**What you have to do**
Print the line containing "6時間目の4年生は、1・2組" and each line after it through the end of the material below, exactly as it appears, but skip the pictures.

**Data section**
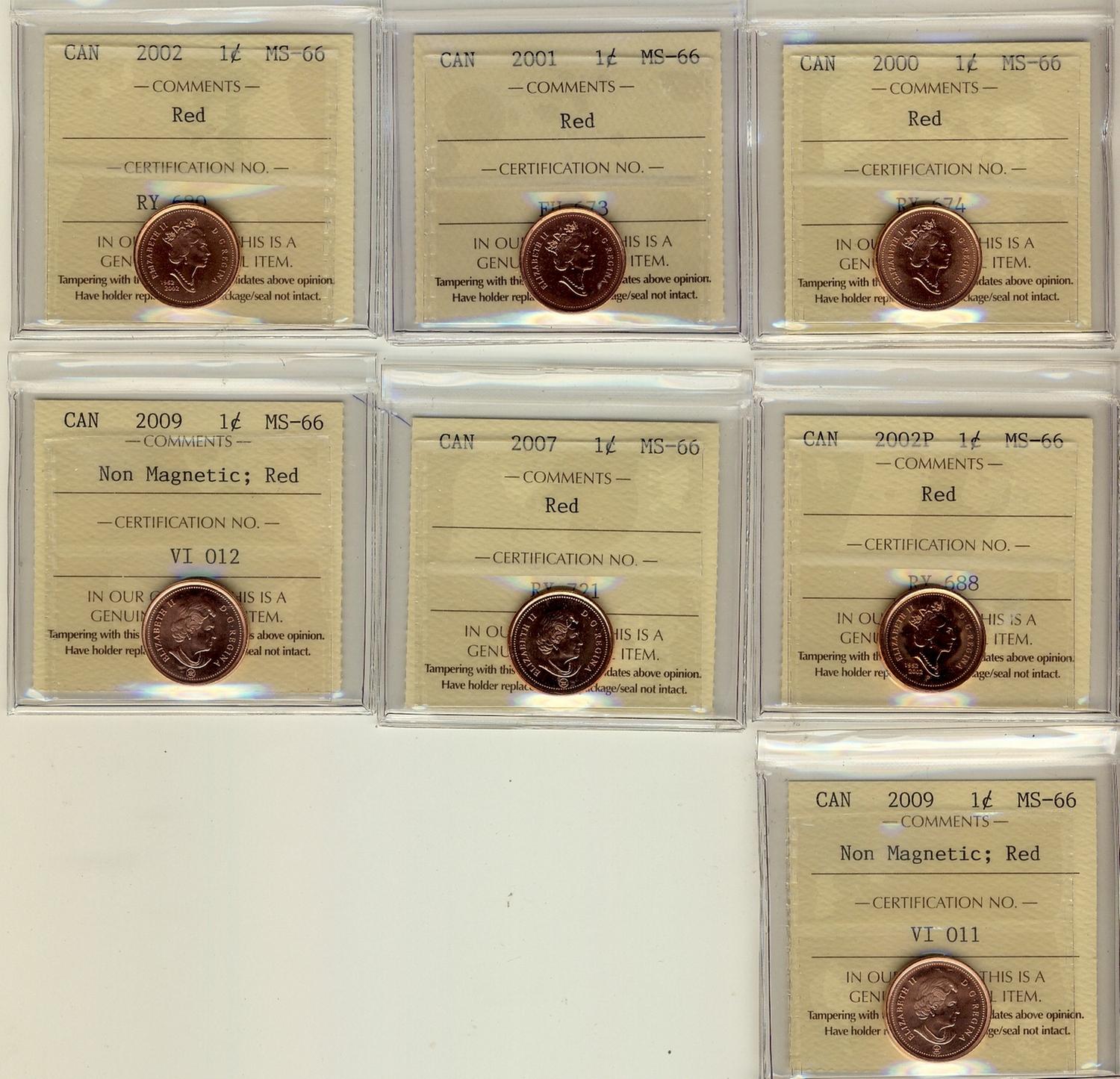 2000,2001,2002,2002P,2007,2009 Non Magnetic(2), 1¢ ICCS MS66 Red L:ot of 6 coins,
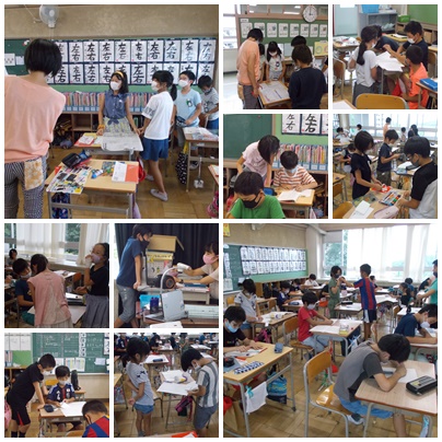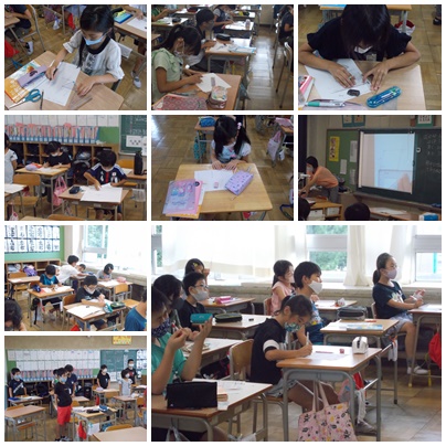 6時間目の4年生は、1・2組ともに国語の学習です。グループで話し合いながら新聞作りをしていました。どんな新聞が完成するか楽しみです。算数では、三角定規を使って平行四辺形をかいています。とても難しいですが、がんばってます!
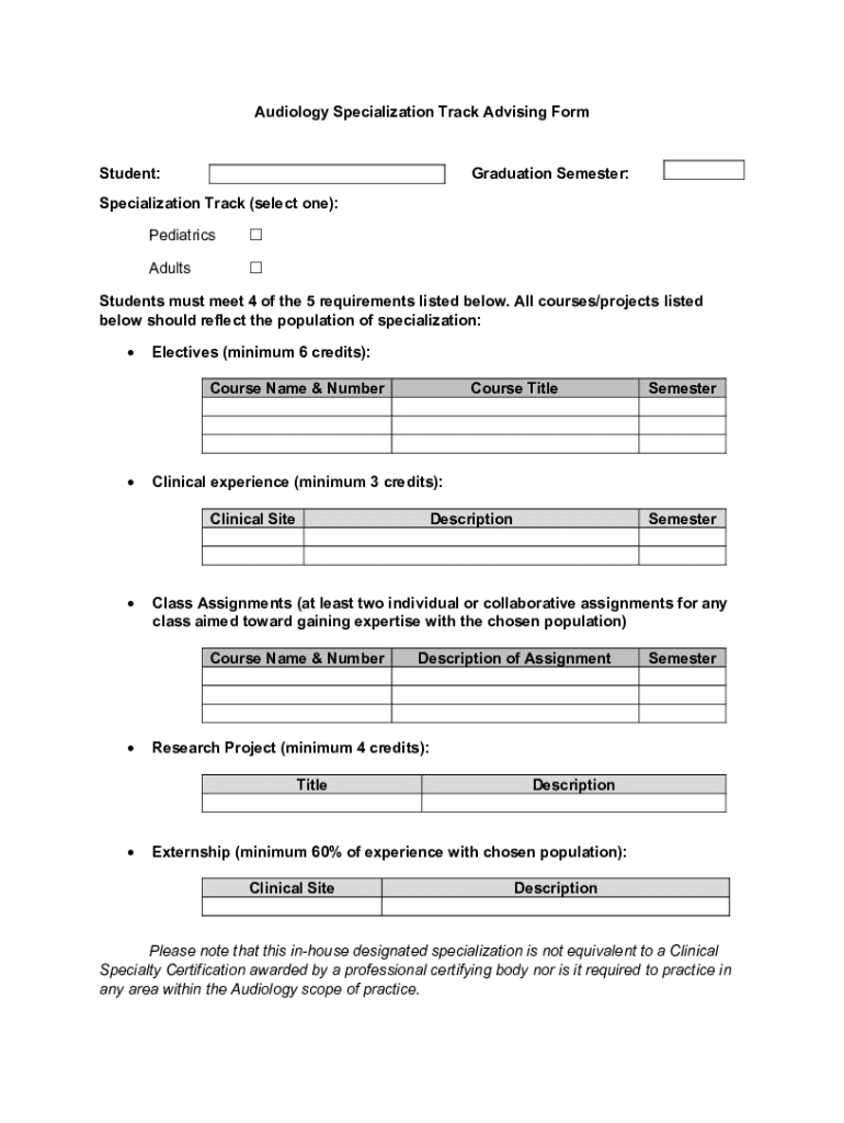 Audiology Specialization Track Advising FormStudent:Graduation Semester:Specialization Track (select one): PediatricsAdultsStudents must meet 4 of the 5 requirements listed below. All courses/projects
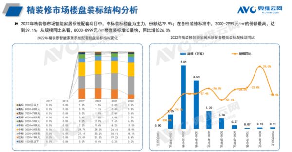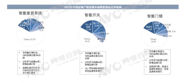 奥维云网(AVC)《2022年中国房地产商品住宅精装修市场智能家居年报》总结精装修市场智能产品呈现以下特征:
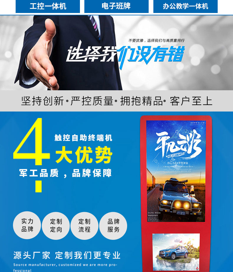 一站式解決方案供應(yīng)商,來圖來樣加工快速出樣品,提供相關(guān)硬件SDK協(xié)助開發(fā);專注觸控產(chǎn)品的設(shè)計(jì)生產(chǎn),擁有十年設(shè)計(jì)經(jīng)驗(yàn)工程師、技術(shù)工程、生產(chǎn)管理人員,以高效品質(zhì)服務(wù)客戶;從供應(yīng)商的管理,配件的選型,工藝流程的管理各個環(huán)節(jié)都嚴(yán)格把關(guān),通過建立自己的產(chǎn)品質(zhì)量標(biāo)準(zhǔn)并嚴(yán)格執(zhí)行,確保產(chǎn)品質(zhì)量可靠;體驗(yàn)流暢。

**Final answer**
 6時間目の4年生は、1・2組ともに国語の学習です。グループで話し合いながら新聞作りをしていました。どんな新聞が完成するか楽しみです。算数では、三角定規を使って平行四辺形をかいています。とても難しいですが、がんばってます!
 Audiology Specialization Track Advising FormStudent:Graduation Semester:Specialization Track (select one): PediatricsAdultsStudents must meet 4 of the 5 requirements listed below. All courses/projects
 奥维云网(AVC)《2022年中国房地产商品住宅精装修市场智能家居年报》总结精装修市场智能产品呈现以下特征:
 一站式解決方案供應(yīng)商,來圖來樣加工快速出樣品,提供相關(guān)硬件SDK協(xié)助開發(fā);專注觸控產(chǎn)品的設(shè)計(jì)生產(chǎn),擁有十年設(shè)計(jì)經(jīng)驗(yàn)工程師、技術(shù)工程、生產(chǎn)管理人員,以高效品質(zhì)服務(wù)客戶;從供應(yīng)商的管理,配件的選型,工藝流程的管理各個環(huán)節(jié)都嚴(yán)格把關(guān),通過建立自己的產(chǎn)品質(zhì)量標(biāo)準(zhǔn)并嚴(yán)格執(zhí)行,確保產(chǎn)品質(zhì)量可靠;體驗(yàn)流暢。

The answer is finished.